§ Goal of the exercise
Line by line, retype the material exactly and leave each picture out.

§ Given information
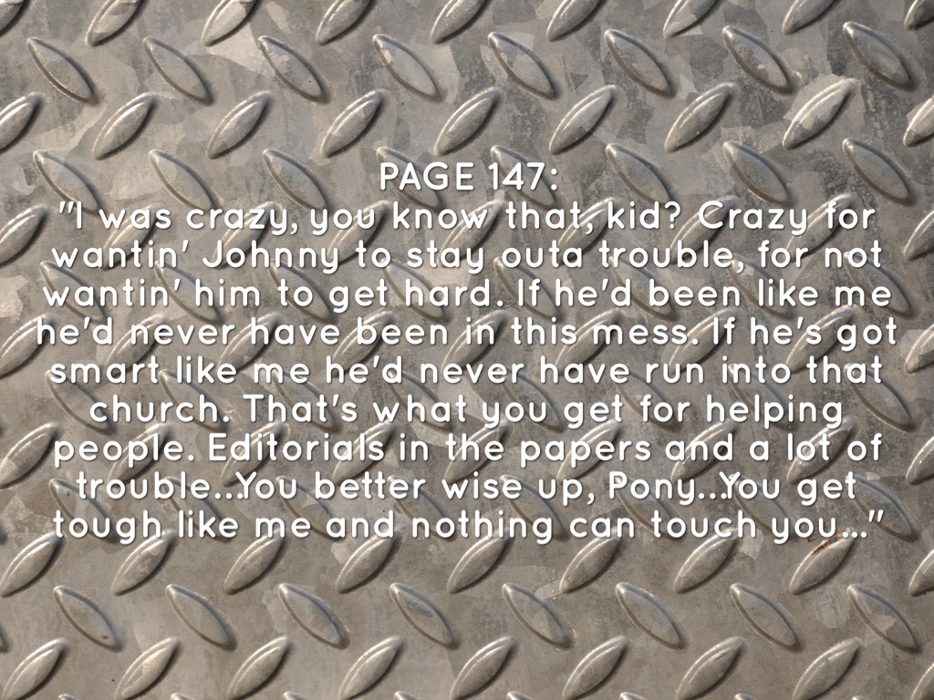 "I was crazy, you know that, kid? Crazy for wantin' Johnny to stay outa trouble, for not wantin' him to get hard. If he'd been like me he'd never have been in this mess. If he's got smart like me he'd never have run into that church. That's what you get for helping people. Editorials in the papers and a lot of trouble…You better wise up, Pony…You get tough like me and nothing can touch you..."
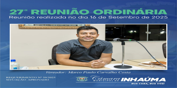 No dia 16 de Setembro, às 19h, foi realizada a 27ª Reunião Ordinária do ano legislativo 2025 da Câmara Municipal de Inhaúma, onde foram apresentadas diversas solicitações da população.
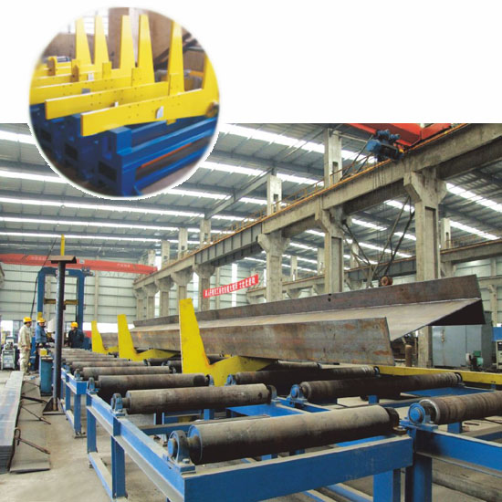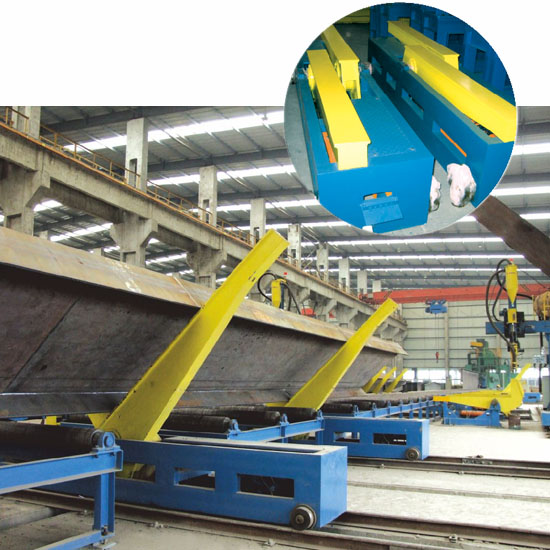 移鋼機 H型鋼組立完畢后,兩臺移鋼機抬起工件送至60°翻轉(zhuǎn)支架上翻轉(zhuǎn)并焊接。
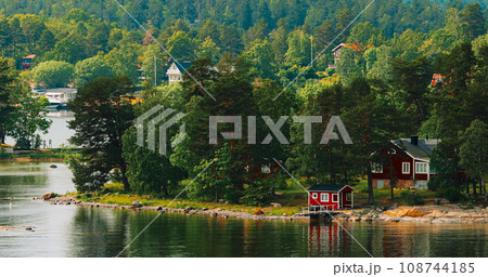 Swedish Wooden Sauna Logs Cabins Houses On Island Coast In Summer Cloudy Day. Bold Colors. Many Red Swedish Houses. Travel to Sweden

§ Exercise answer
 "I was crazy, you know that, kid? Crazy for wantin' Johnny to stay outa trouble, for not wantin' him to get hard. If he'd been like me he'd never have been in this mess. If he's got smart like me he'd never have run into that church. That's what you get for helping people. Editorials in the papers and a lot of trouble…You better wise up, Pony…You get tough like me and nothing can touch you..."
 No dia 16 de Setembro, às 19h, foi realizada a 27ª Reunião Ordinária do ano legislativo 2025 da Câmara Municipal de Inhaúma, onde foram apresentadas diversas solicitações da população.
 移鋼機 H型鋼組立完畢后,兩臺移鋼機抬起工件送至60°翻轉(zhuǎn)支架上翻轉(zhuǎn)并焊接。
 Swedish Wooden Sauna Logs Cabins Houses On Island Coast In Summer Cloudy Day. Bold Colors. Many Red Swedish Houses. Travel to Sweden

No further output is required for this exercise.